- Task objective -
Would you please repeat exactly the entries below, starting at the line with "Robe moulante effet" and ending at the line with "BedStory King Single", and nothing outside that range? Leave out the pictures.

- Data to examine -
==*==
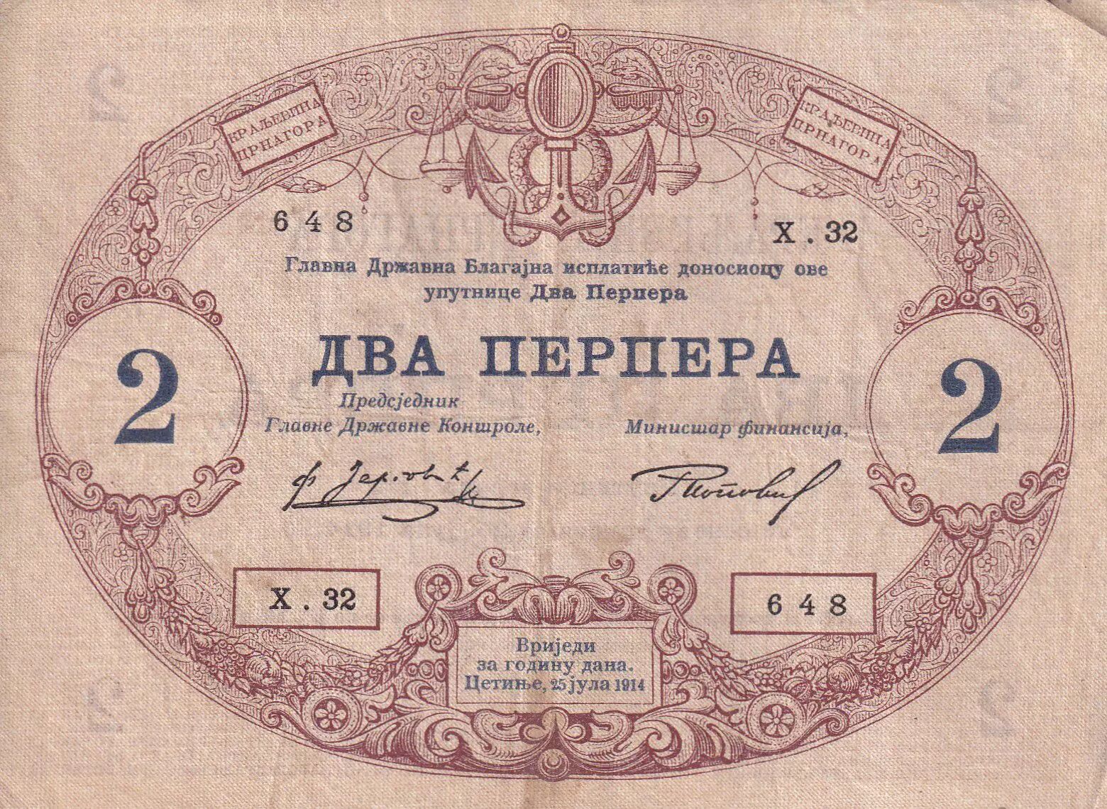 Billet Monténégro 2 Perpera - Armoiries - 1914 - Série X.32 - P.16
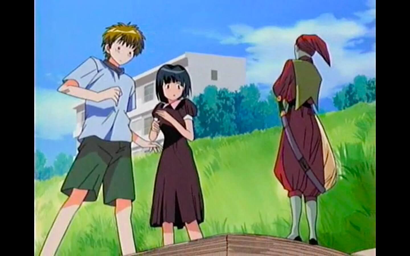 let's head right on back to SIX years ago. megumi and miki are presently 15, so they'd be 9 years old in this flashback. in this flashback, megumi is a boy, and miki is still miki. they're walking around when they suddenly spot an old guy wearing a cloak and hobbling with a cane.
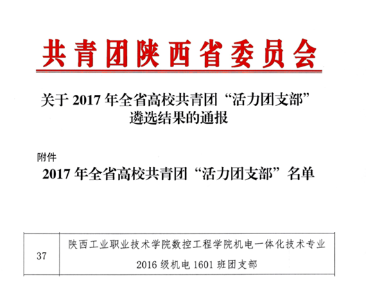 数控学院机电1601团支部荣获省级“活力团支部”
==*==
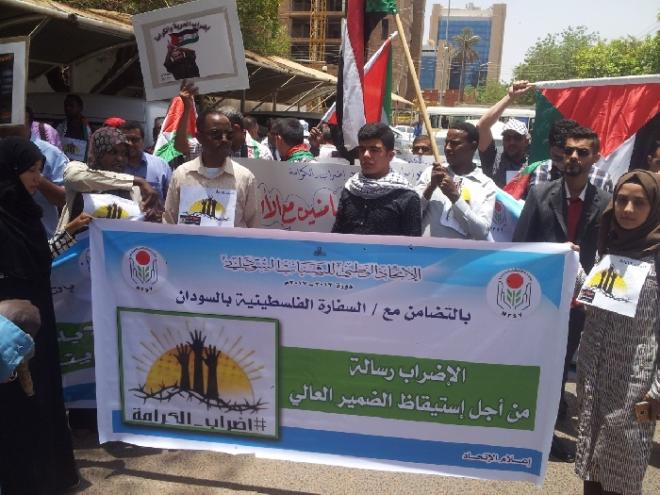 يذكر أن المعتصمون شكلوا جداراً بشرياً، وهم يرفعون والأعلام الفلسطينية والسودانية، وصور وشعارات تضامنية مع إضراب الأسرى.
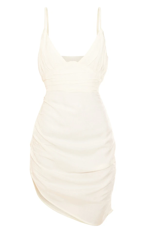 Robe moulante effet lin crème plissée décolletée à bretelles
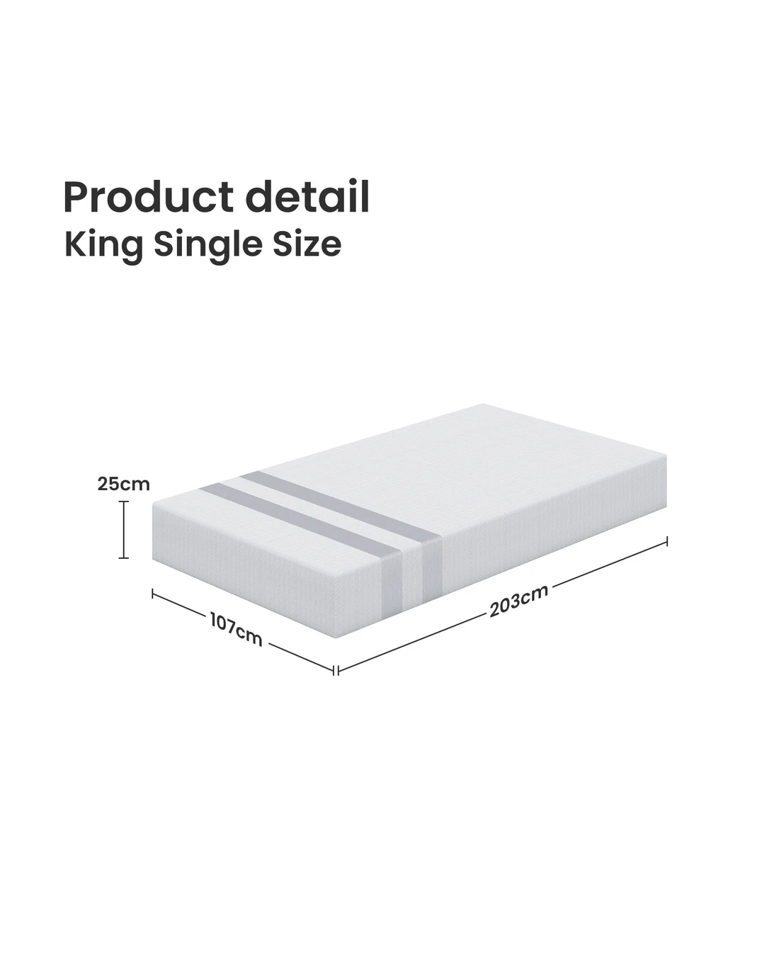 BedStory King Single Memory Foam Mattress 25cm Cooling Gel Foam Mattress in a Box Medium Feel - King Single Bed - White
==*==
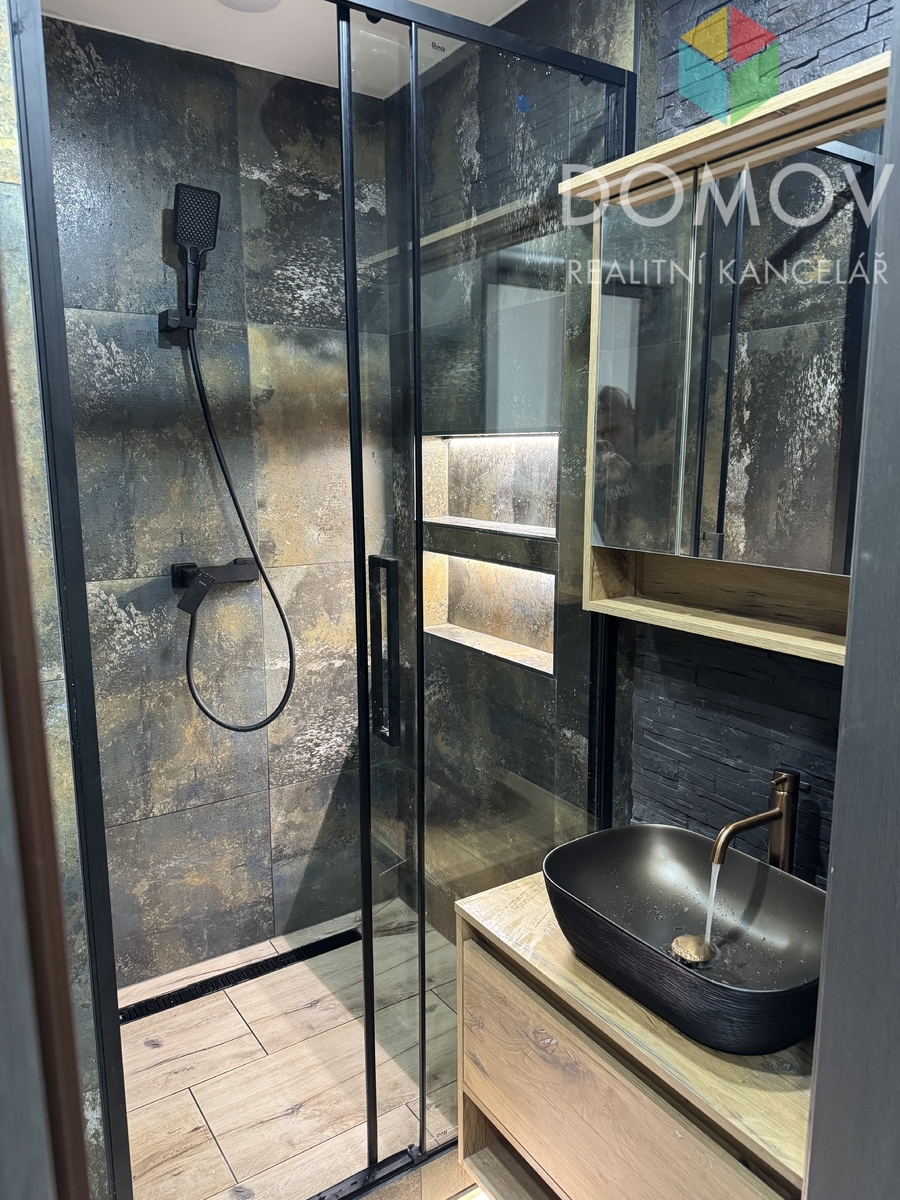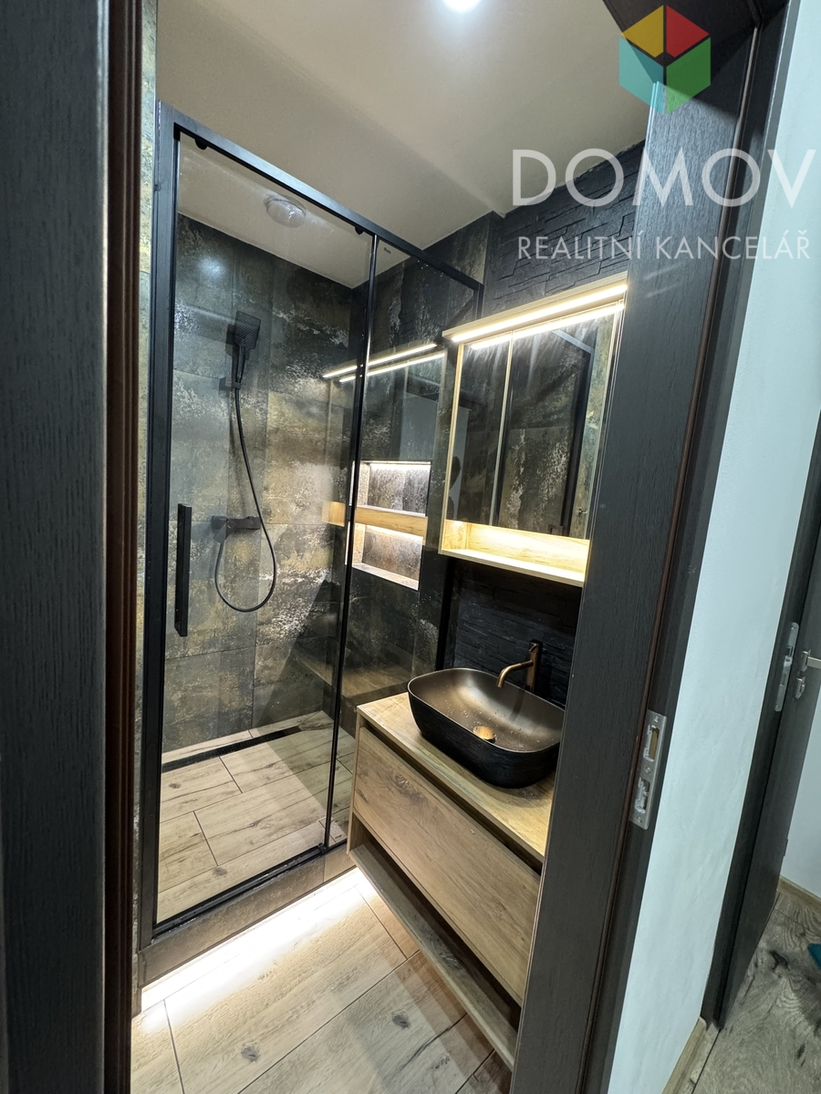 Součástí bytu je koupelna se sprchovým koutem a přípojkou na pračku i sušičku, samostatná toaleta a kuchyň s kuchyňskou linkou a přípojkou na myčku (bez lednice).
==*==
- Response area -
 Robe moulante effet lin crème plissée décolletée à bretelles
 BedStory King Single Memory Foam Mattress 25cm Cooling Gel Foam Mattress in a Box Medium Feel - King Single Bed - White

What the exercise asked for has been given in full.